Читаем Древнее сказание полностью

— Может быть, и олень, — поправилась Яруха, — али другой какой ни на есть лютый зверь, мне почем знать?… На охоту поехал, с охоты и принесли его… Ой, охота, охота! Хуже войны такая охота…

По лицу гостя видно было, что он не верил ее словам. Вдруг в светлицу вошел брат Домана — Дюжий. Мышко встал и поздоровался с ним. Яруха, оставаясь у постели больного, зорко следила за ними. Мышко и Дюжий вышли на двор.

— Скажи мне хоть ты правду, — обратился Мышко к Дюжему, — что с ним случилось такое, кто его ранил и где?

— Стыдно признаться, — проговорил Доманов брат, — ради девки, Вишевой дочери, отправился он на Купалу… завладел ею и на лошади мчал домой… Она-то и вонзила ему в грудь его же собственное оружие — охотничий нож…

Дюжий поник головою: немало стыда стоило ему это признание… Мышко сосредоточенно сдвинул брови.

— И убежала? — спросил он, нахмурясь.

— Доман упал с лошади… Рана оказалась жестокою… Может, и жить-то не будет… Старуха, впрочем, заговорила кровь, зелье прикладывает, — продолжал Дюжий, — ну, а девка с лошадью улизнула домой…

Мышко не верил ушам своим, слушая этот рассказ. Дерзость Дивы, беспечность ее похитителя казались ему неправдоподобными. Он молчал…

— Кликни старуху, — сказал он после некоторого раздумья, — спросим ее: жить ли Доману, или уж суждено ему гибнуть… Мне, да и всем нам он крайне нужен…

Дюжий сейчас же сделал рукой знак появившейся у порога Ярухе, которая с рассчитанной важностью, хотя явно под хмельком, подошла к ним.

— Слушай ты, старая ведьма, — обратился к ней Мышко, — будет он жить?…

Яруха подняла голову, неопределенно покачала ею в разные стороны, затем, опустив на грудь, подперла ее ладонью и глубоко задумалась.

— Кто ж его знает, — промолвила она наконец, — разве я видела, как из него кровь вытекала?… Видела, как его убить собирались?… Дело свое я делаю… Кровь заговорила, наготовила разного зелья, перевязала рану… а что если кто-нибудь эту самую рану да проклинает?… А то и сглазу напустить собирается?…

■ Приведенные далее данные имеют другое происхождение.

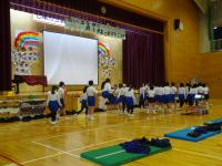 体育館は今も立ち入り禁止のため,できていなかった体育ですが,玄関スペースを広くしたり,会議室の物を動かしたりして少し広い場所を確保し,再開しました体育館用具庫から,玄関スペースでも使えそうな用具を先生達で相談して出してきました。マット,ラダー,なわとびなど,いつもの体育よりも大きな動きはできませんが,体を動かすことができると気持ちも晴れやかになりますね体育の最初にしている体つくり運動も,久々でしたが,3年生とても上手でした友達と一緒にタイミングを合わせてなわとびを跳ぶのもバッチリおみごとです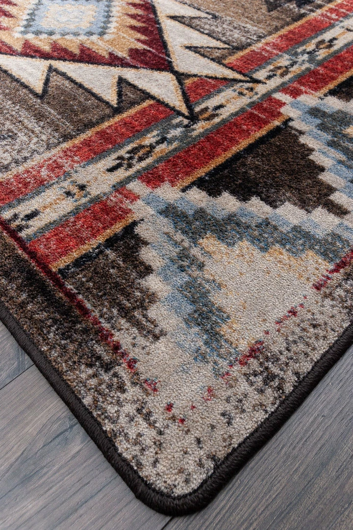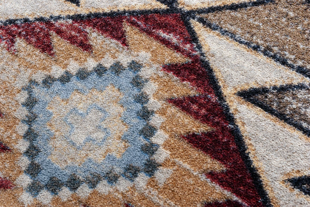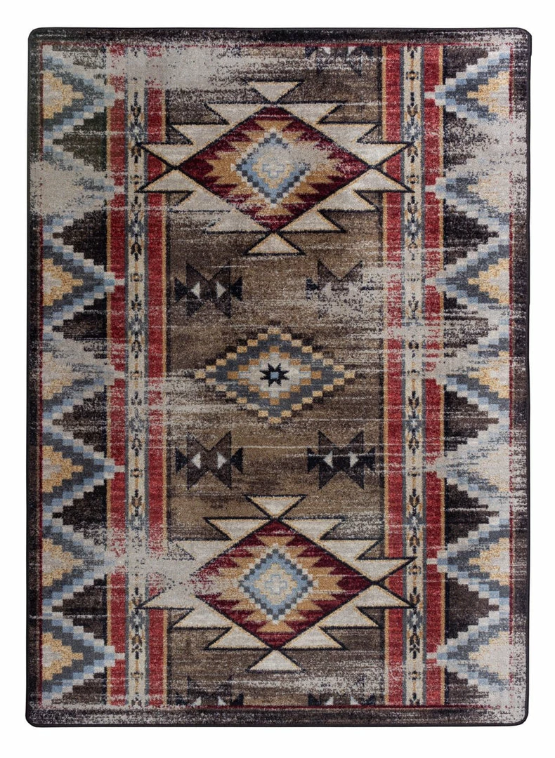 BOW STRINGS DISTRESSED design is contemporary and inviting. A Southwest treasure, this geometric pattern will bring true rustic charm to your humble abode. Bring in the colors of the southwest with this rustic-themed distressed area rug. Great for the home, office, on stage, or cabin hideaway! Not just for floors – hang on wall or over railing. Offered in 6 sizes, made in the USA.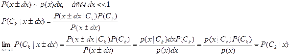 P (a ,b ) – вероятность того, что события а и b наступают одновременно. Если а и b – статистически независимые переменные, то P(a,b) = P(a)P(b) если события зависимые, то P(a,b) = P(b,a) = P(a)*P(b|a) = P(b)*P(a|b) отметим, что из этого равенства следует формула Баеса: P(a|b) = P(b|a)*P(a)/P(b) то есть это можно считать выводом формулы Баеса для распознавания образов, если вместо a и b подставить соответствующие события, описанные ниже. P (a |b ) – условная вероятность . Вероятность наступления события a, при условии что событие b наступило P(Ck,x) = P(x, Ck). Вероятность того что объект имеет признаки, заданные вектором х и при этом принадлежит классу Сk P(Ck|x) - вероятность того, что объект относится к классу Сk, при условии, что его признаки описываются вектором х. Также называется «апостериорная вероятность класса Ck», т.е. иными словами, вероятность после измерения величины х. P(x|Сk) - вероятность того, что объект имеет признаки, описываемые вектором х, при условии что объект относится к классу Ck P(Ck) – вероятность того, что данный объект относится к классу Ck. Также называется «априорная вероятность класса Ck » P(x) – вероятность того, что признаки произвольного объекта из множества объектов задачи распознавания будут иметь вектор признаков х p(x) – функция плотности распределения случайной величины х. формула Баеса для дискретных распределений P(Ck|x) = P(x|Ck)*P(Ck)/P(x) P(C1|x) + P(C2|x) + … P(CM|x) = 1 (где М- число классов в задаче распознавания. Это очевидно, так как объект всегда принадлежит одному из классов в задаче распознавания) Подставляя в эту формулу формулу Баеса получаем: P(x|C1)*P(C1)/P(x) + P(x|C2)*P(C2)/P(x) + … + P(x|CM)*P(CM)/P(x) = 1 домножаем на P(x), эта вероятность очевидно не нулевая получаем P(x|C1)*P(C1) + P(x|C2)*P(C2) + … + P(x|CM)*P(CM) = P(x) поэтому формулу Баеса можно записать и без P(x): P(Ck|x) = P(x|Ck)*P(Ck) / [P(x|C1)*P(C1) + P(x|C2)*P(C2) + … + P(x|CM)*P(CM)] Формула Баеса для непрерывных распределений : P(Ck|x) = p(x|Ck)*P(Ck) / [p(x|C1)*P(C1) + p(x|C2)*P(C2) + … + p(x|CM)*P(CM)] Вывод для одномерного случая:
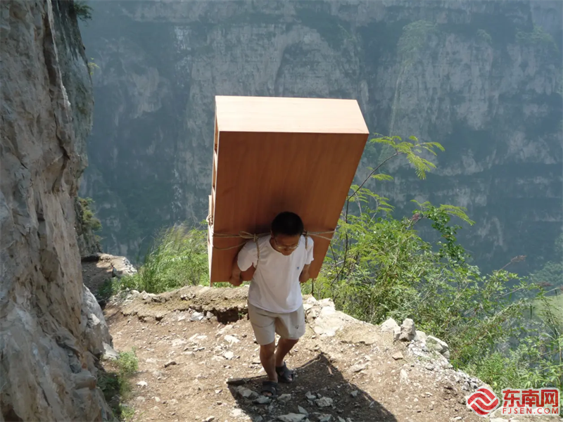 老馬校長(zhǎng)把書(shū)架背上了四川省雅安市的“懸崖小學(xué)”。福建省擔(dān)當(dāng)者行動(dòng)教育基金會(huì)供圖

Ничего больше не мог Мышко от нее добиться; в нерешимости, что предпринять, он стоял и молчал. Между тем из светлицы послышался зов:

— Эй, сюда!.. Кто-нибудь!..

Все так и кинулись сразу. Доман, бледный как полотно, приподнявшись на локте, попросил пить. Яруха поднесла ему заранее приготовленный напиток, он припал к нему с жадностью, затем, напившись, обвел светлицу глазами; брата он узнал, но, заметив чужого человека, опустил глаза. Раненый все хватался за грудь, как будто бы его там что-то давило. Мышко подошел к нему.

— Вот видишь, — проговорил Доман, — я упал с лошади… ну, и… наткнулся на нож…

Ему стыдно было поднять глаза.

— Я было думал, что конец наступил… а, как видишь, живу еще…

— Это я ведь тебе, ваша милость, кровь-то заговорила, — отозвалась Яруха, — если б не я!.. Э-ге, ге!..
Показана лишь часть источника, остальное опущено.